Cox, who is a Brattleboro native, was once a student at BMC. He grew up surrounded by music. His father, Douglas C. Cox, is known worldwide as a maker of exceptional violins. The fact that his son doesn’t play the violin is proof that adolescent rebellion exists even in the realm of classical music.

“It’s partially because I grew up with a violin maker for a father that I was never seriously drawn to a violin,” Cox said. “It was too easy. I felt I needed to do my own thing. I kind of wish now I could play the violin. One of the problems with playing a violin is how expensive they are, and that obviously wasn’t a problem for me.”

Cox and Coakley met at the Schola Cantorum in Basel, Switzerland, a music school exclusively dedicated to teaching music dating from before 1800.
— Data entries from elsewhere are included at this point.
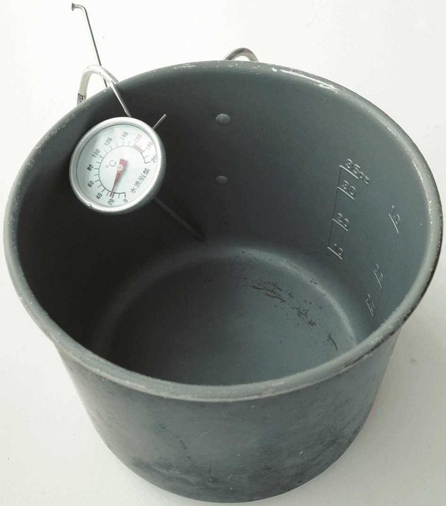 使った鍋は、今後もモルテンスピードワックス専用となる。使い古したクッカーなどを用意する。これにワックスを入れチェーンを煮る。
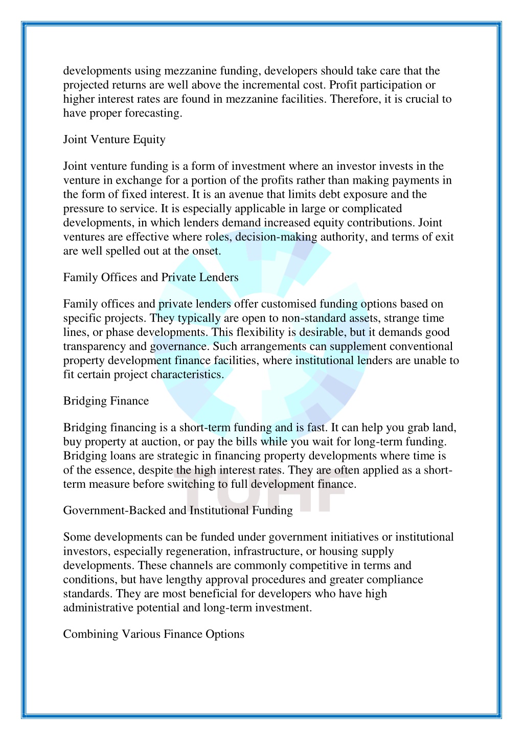 Most successful projects follow more than one option at various stages. Bridging finance can be substituted by senior debt, or mezzanine financing can be layered on a senior loan. Funding property developments is an effective strategy that can be achieved through sequencing property development finance options rather than having a single solution. To Sum Up Each type of development funding helps in its own way. If developers understand the perfect timing of utilizing each funding source, they can lower risks, maintain money flow, and complete the project successfully. Source link: https://tuhfproperty.substack.com/p/different-development- finance-options TUHF Group Contact us: 0105959000 Address: 12th Floor, West Wing, Libridge Building 25 Ameshoff Street Braamfontein, Gauteng 2001 South Africa Email: info@tuhf.co.za Website: https://www.tuhf.co.za/
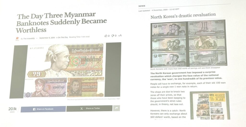 自身の親世代の話として、同国(当時のビルマ)で約40年前に起きた軍事政権による廃貨措置を紹介。特定紙幣が突然無効化されたため、国民の8割が貯蓄を失う事態になったと説明した。
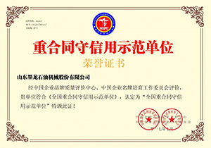 此次榮獲“重合同守信用示範單位”榮譽稱號是公司以誠信求生存的重大體現,為進壹步增強公司的市場競爭力註入了壹針強心劑。堅定了山東墨龍繼續在石油機械領域做大做強的信心,通過進壹步的企業改革升級、砥礪前行,打牢石油機械持續穩定發展的根基,為石油機械行業的誠信、健康發展貢獻綿薄之力。
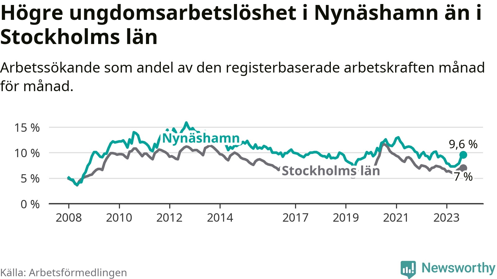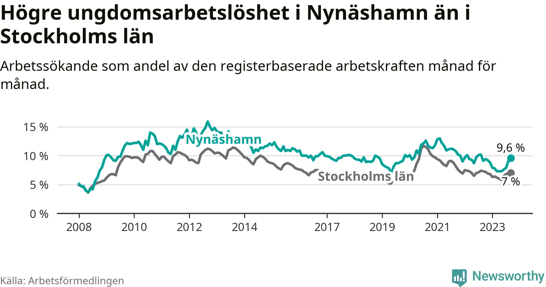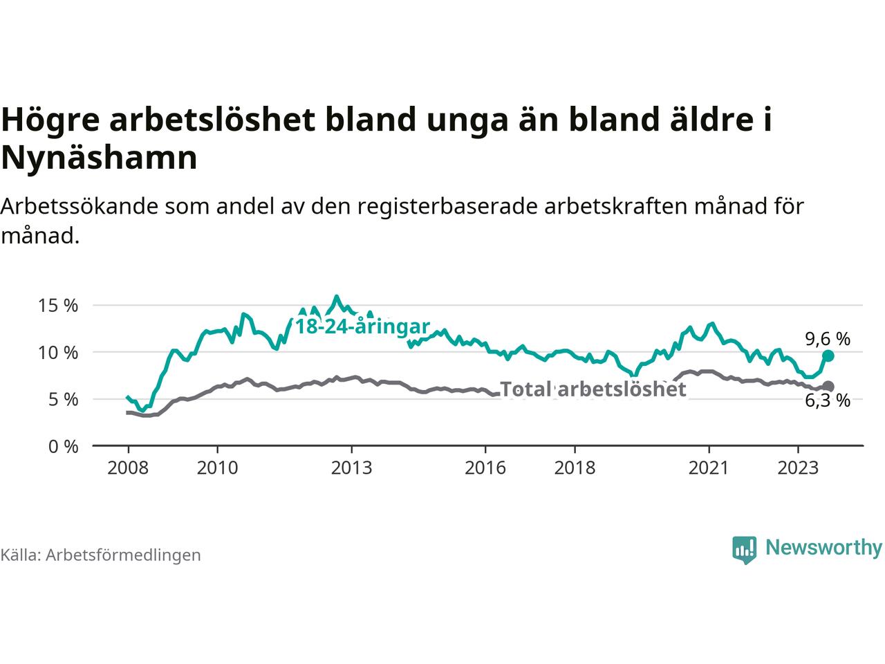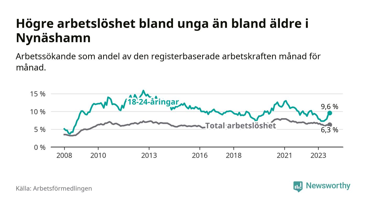 Medan Nynäshamn har ungefär samma total arbetslöshet som Stockholms län, ligger ungdomsarbetslösheten 2,6 procentenheter högre i Nynäshamn.

“I did my undergraduate degree in a conservatory where we were taught classical music,” Cox said. “I found it a little bit constraining.

“I like the freedom that comes with working with earlier music — more personal interpretation I can bring to my performance. I like the research aspect. It’s not just about doing things ‘the right way.’ It’s about going back to primary sources, finding music that hasn’t been performed, doing something people haven’t heard before. There’s something exciting in that.”

Cox said there was a wealth of early material available to be studied and performed.

“All the music we’re performing is published,” Cox said. “Especially in Venice around 1600, there was such an active music publication industry that there’s an incredible amount of music that survives.

“And there are enormous amounts of writing about music that helps us figure out how they performed it, what instruments they used, how they used the instruments, what occasions they used the music for. Performers have to address and study these things.”

The concert will feature duets from Claudio Monteverdi’s Seventh Book of Madrigals, paired with pieces by lesser-known composers such as Bellerofonte Castaldi and Benedetto Ferrari.

In Stile Moderno will perform Monteverdi’s duets with soprano and cornetto — instead of the more usual two sopranos — showcasing the unique sound of the cornetto imitating and blending with the voice. The rich texture of theorbo and baroque guitar will also be featured in works by Francesco Corbetta and Bellerofonte Castaldi.

They will also be playing for the first time with guitarist and theorbist Simon Martyn-Ellis, who will add nuanced continuo playing as well as fiery guitar rhythms.

“We’re using very dynamic and very exciting texts,” Cox said. “We want a music that expresses them so we can elicit these passionate emotions in the audience.”